In our training process, transfer learning is used, which converges quickly as shown in Figure 8. We evaluate detection mean Average Precision (mAP), because this is the actual metric for object detection [8]. At the testing stage, the mAP with transfer learning is 90.5%, which is 3.8% higher than the accuracy obtained without transfer learning.

4.2. Comparisons with Other Methods

Table 1 shows the comparison results of five networks: proposed MLSSD, SSD, Faster R-CNN, YOLO, and KittiBox. For the speed comparison (including data reading and display), the five networks are tested with and without GPU. It can be seen that Faster R-CNN is the slowest, while KittiBox and YOLO are the fastest. Although our proposed MLSSD is trained by adjusting the parameters of MLC and SSD branches alternately, only the SSD branch is used for testing.
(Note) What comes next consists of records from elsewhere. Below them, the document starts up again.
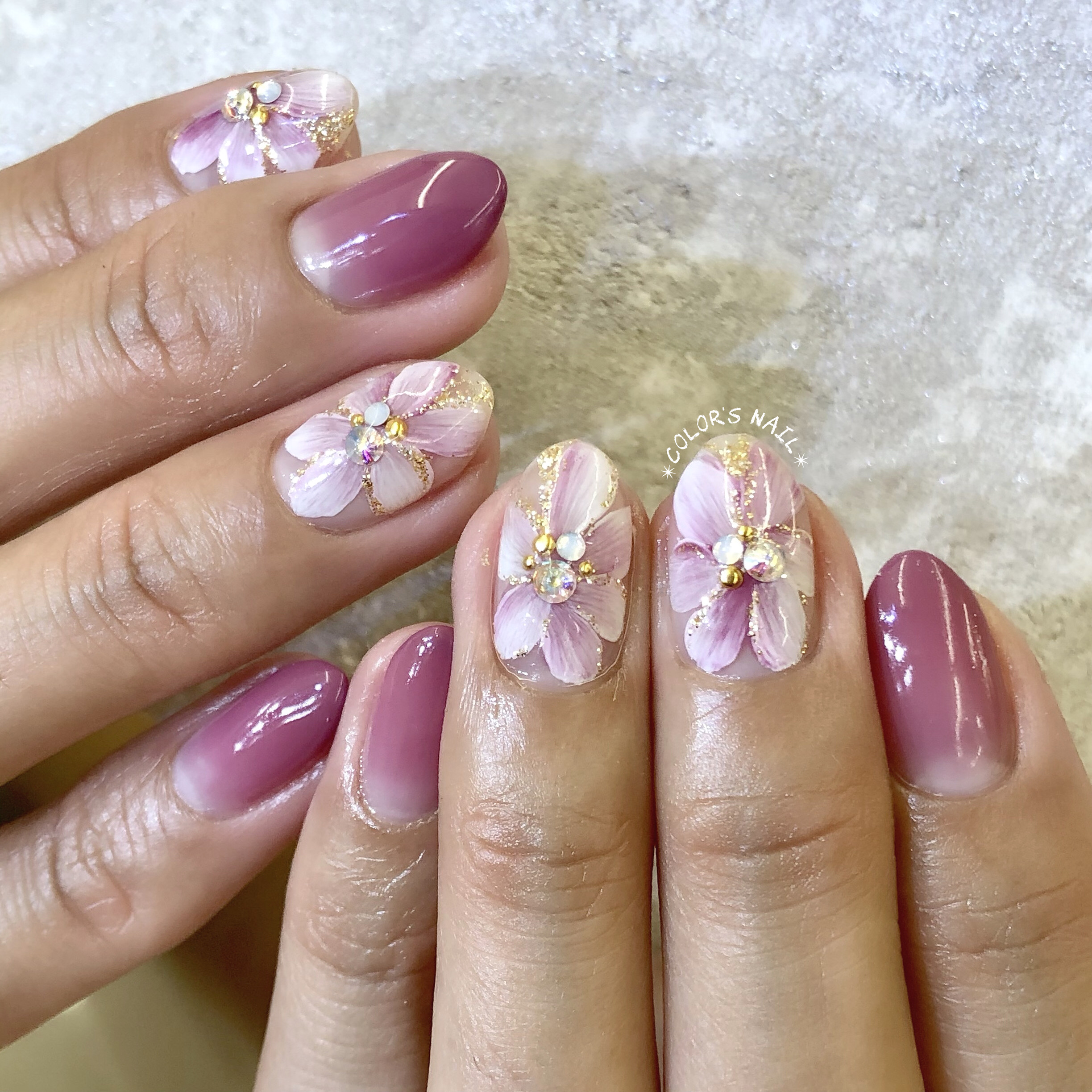 今日のオススメネイルは💅前面に大きく描いた立体的なFlowerネイルです✨ 上品で大人可愛いネイルに仕上がりました。 指先から生まれる心の安らぎ❤️
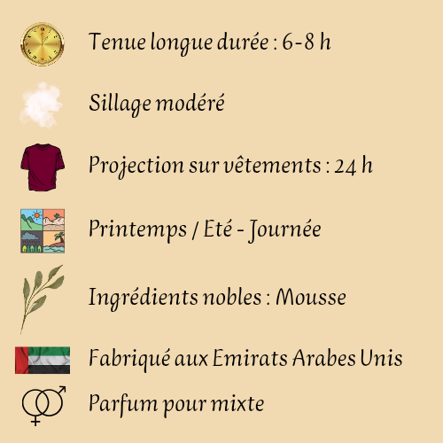 Pour une expérience sensorielle optimale, appliquez le parfum sur les points de pulsation tels que le cou, les poignets, la poitrine et derrière les oreilles, permettant ainsi une diffusion subtile et élégante tout au long de la journée.
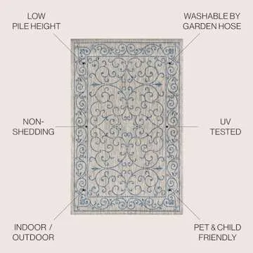 JONATHAN Y SMB106C-3 Charleston Vintage Filigree Textured Weave Indoor/Outdoor Gray/Navy 3 ft. x 5 ft. Area-Rug, Classic,Easy-Cleaning,HighTraffic,LivingRoom,Backyard, Non Shedding
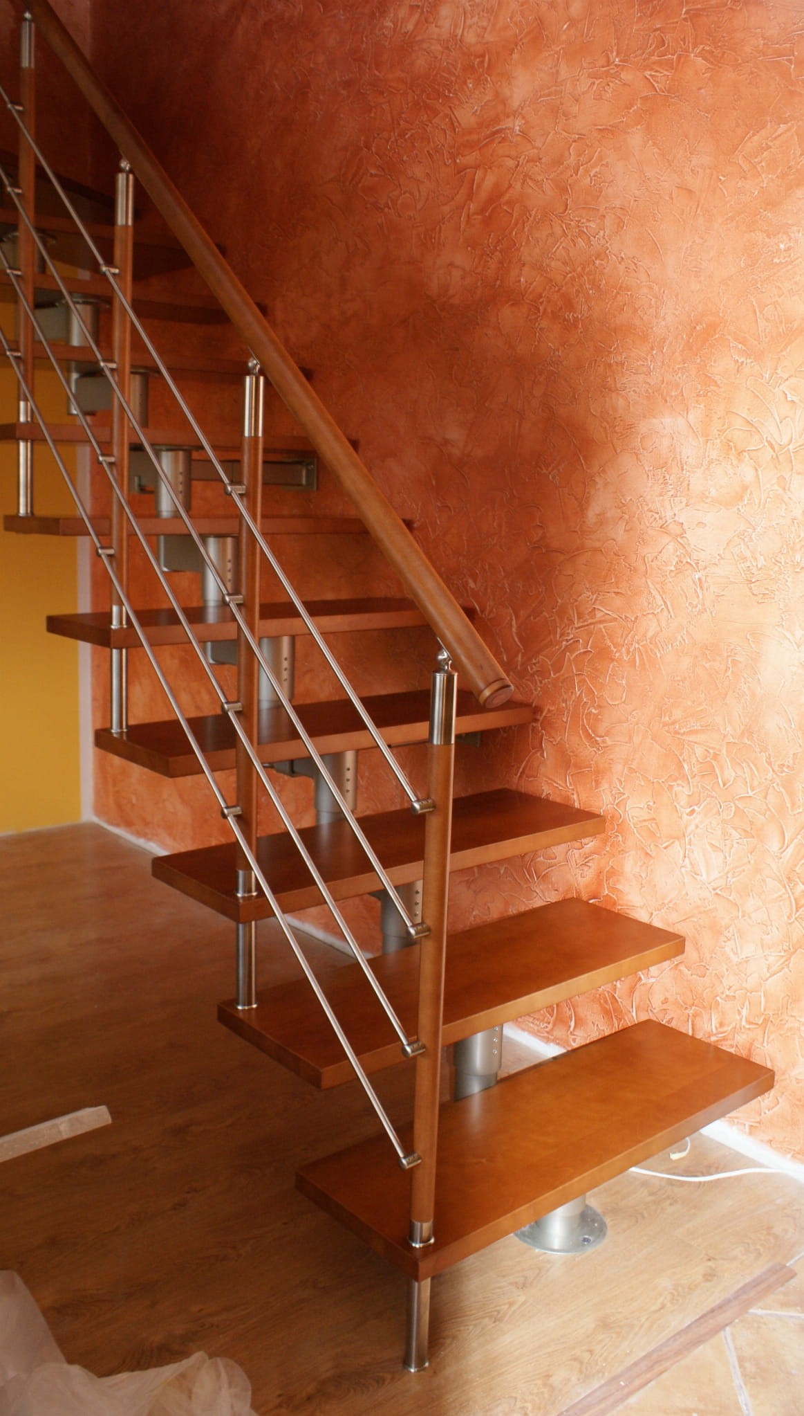Schody se doporučuje instalovat ke stěně, do 5 cm od ní, což umožňuje instalaci kotev. Pokud stěna kotvení nevydrží, je třeba použít nosný sloup. U volně stojících schodišť se počítá s použitím nosného sloupu a také balustrády chránící obě strany, další možnosti na vyžádání.
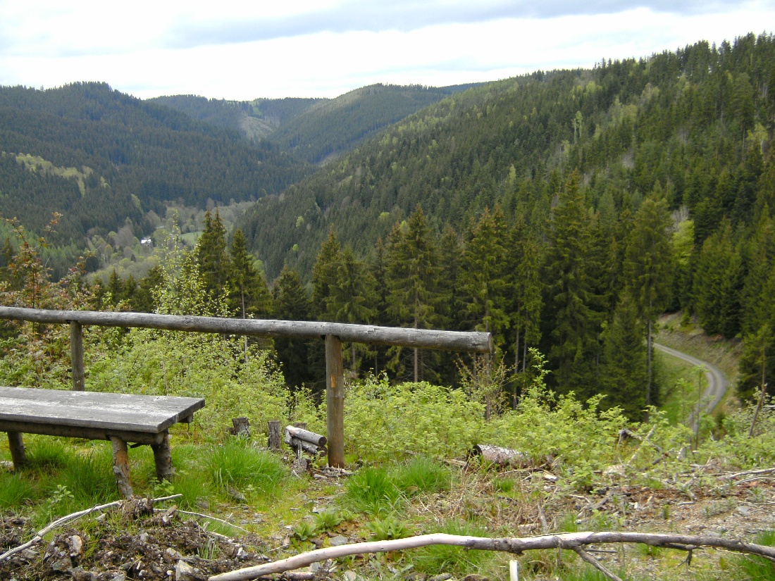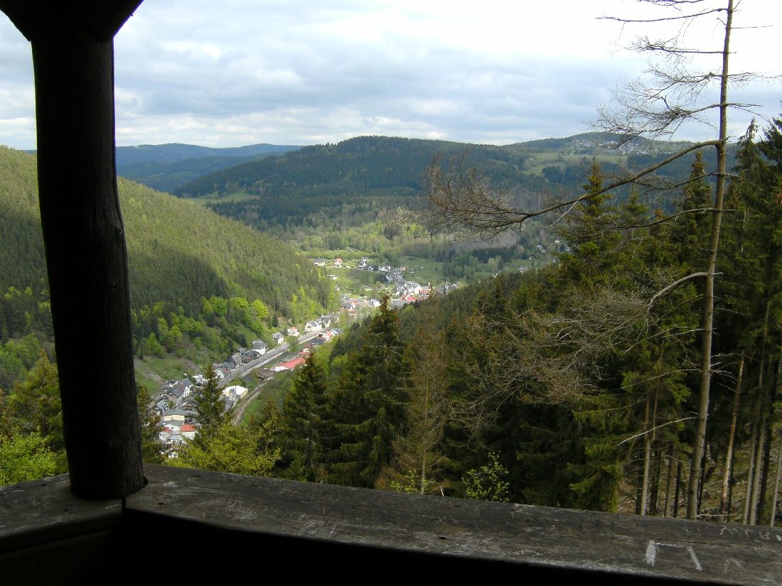 Beim Ende des neu gebauten Forstweges ist eine Wendeschleife. An dieser Stelle rechts abbiegen. Jetzt ist vorn links ein Funkmast zu sehen. Unmittelbar daneben ist die Schutzhütte/Aussichtspunkt Borkenhäuschen. Von hier ist Mellenbach und dahinter auf dem Berg Lichthain zu sehen.
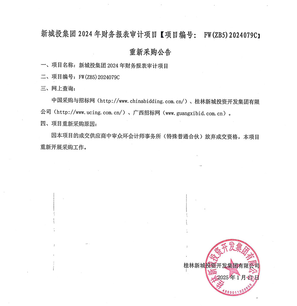 新城投集團(tuán)2024年財務(wù)報表審計項目【FW(ZB5)2024079C】重新采購公告
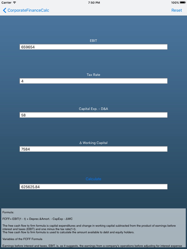 CorporateFinanceCalc provides an easy and stress free way of calculating a selection of 25 most important ratios (listed below) used in financial and investment analysis.
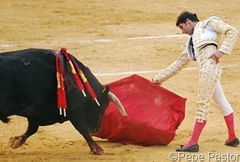 “El pico de la muleta es una de las trampas que se han “legalizado” y ahora se admite como si formara parte de la técnica. Antes se protestaba mucho en todas las plazas. En Madrid a José Fuentes le hicieron cortar toda la punta de la muleta pero como la seguía componiendo atravesada al citar siguieron protestando por el pico. El público y los cronistas vendidos tragaron definitivamente con este fraude en la época de Espartaco que además de citar con el pico adelantado, retrasaba la pierna que debería adelantar. Aquello fue una verdadera blasfemia pero a fuerza de repetir los cronistas como Molés y Palabrero que eso era la poderosa técnica del toreo, ya ves que la gente se lo ha tragado. Ahora ya casi no se protesta el abuso del pico.
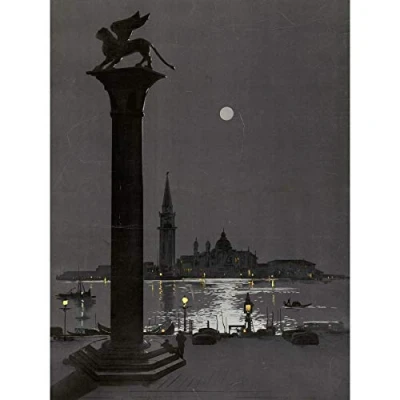 Tauzan Venedig bei Nacht, Löwensäule, Kunstwerk, Kunstdruck auf Leinwand, Premium Wandbild
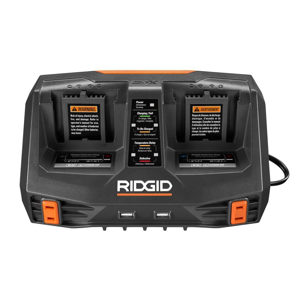 RIDGID introduces the 18-Volt Lithium-Ion Dual Port Sequential Charger Kit with (1) 4.0 Ah Batteries and (1) 2.0 Ah Batteries. This charger gives you the ability to charge any two RIDGID 18-Volt batteries sequentially. Save time in between recharges on the jobsite with 2 charge ports compared to one. Pair that with the two included Lithium-Ion Batteries and you are set for any jobsite. Backed by the Industry Leading Lifetime Service Agreement, this kit comes with an 18-Volt Dual Port Sequential Charger, (1) 4.0 Ah Lithium-Ion Batteries, (1) 2.0 Ah Lithium-Ion Batteries, and an operator's manual.

Because six blocks in an image need to be tested in MLSSD, our algorithm is slower at the testing stage than SSD. But, our network achieves the highest mAP, as high as 90.5%, which is 5.3% higher than SSD. The YOLO has the lowest mAP of 81.2%.

	Proposed MLSSD	SSD	Faster R-CNN	YOLO	KittiBox
mAP	90.5%	85.2%	89.7%	81.2%	82.6%
Speed-CPU	1.7 fps	3fps	0.2fps	7fps	7fps
Speed-GTx1060	6.4fps	12fps	0.8fps	30fps	30fps

Table 1

The mAP and speed of different networks in the distorted vehicle dataset $A$ .

Although the mAP of Faster R-CNN is only lower than our MLSSD of 0.8%, it is too slow to realize real-time detection. These results show that our proposed MLSSD achieves good performance by balancing accuracy and speed. Part of the detection results of the MLSSD are shown in Figure 9.

4.3. Experiments on the UA-DETRAC Dataset

In order to verify the robustness of our proposed network, the experiments are performed on the UA-DETRAC [9] dataset, which contains 82085 training images and 56167 test images. The mAPs of the proposed MLSSD, SSD, Faster R-CNN, YOLO, and KittiBox are 73.4, 71.0, 72.7, 58.7, and 60.0, respectively. The speeds tested in GTX1060 are 4fps, 7fps, 0.3fps, 16fps, and 16fps, respectively. It can be seen that the performance of the proposed MLSSD is still good.

4.4. Vehicle Distance Estimation Results

After getting the detection results by using the MLSSD method, the method of the vehicle distance estimation is used to estimate the distance from the driving vehicle to target vehicles. When the target vehicle is within three meters away from the driving vehicle, the distance is calculated in this paper. When the distance exceeds three meters, the distance is unpredictable. The azimuth of the target vehicle is given according to the position relationship between the target vehicle and this vehicle. The results are shown in Figure 10. In addition, in order to compute the accuracy of the estimated distance obtained by our algorithm, we parked the test vehicle in a parking area and manually measure the real distances between our vehicle and others. We manually measured 100 distances in total. The final results are shown in Table 2. Here we only show the average distance errors between the distance obtained by our algorithm and the real distance.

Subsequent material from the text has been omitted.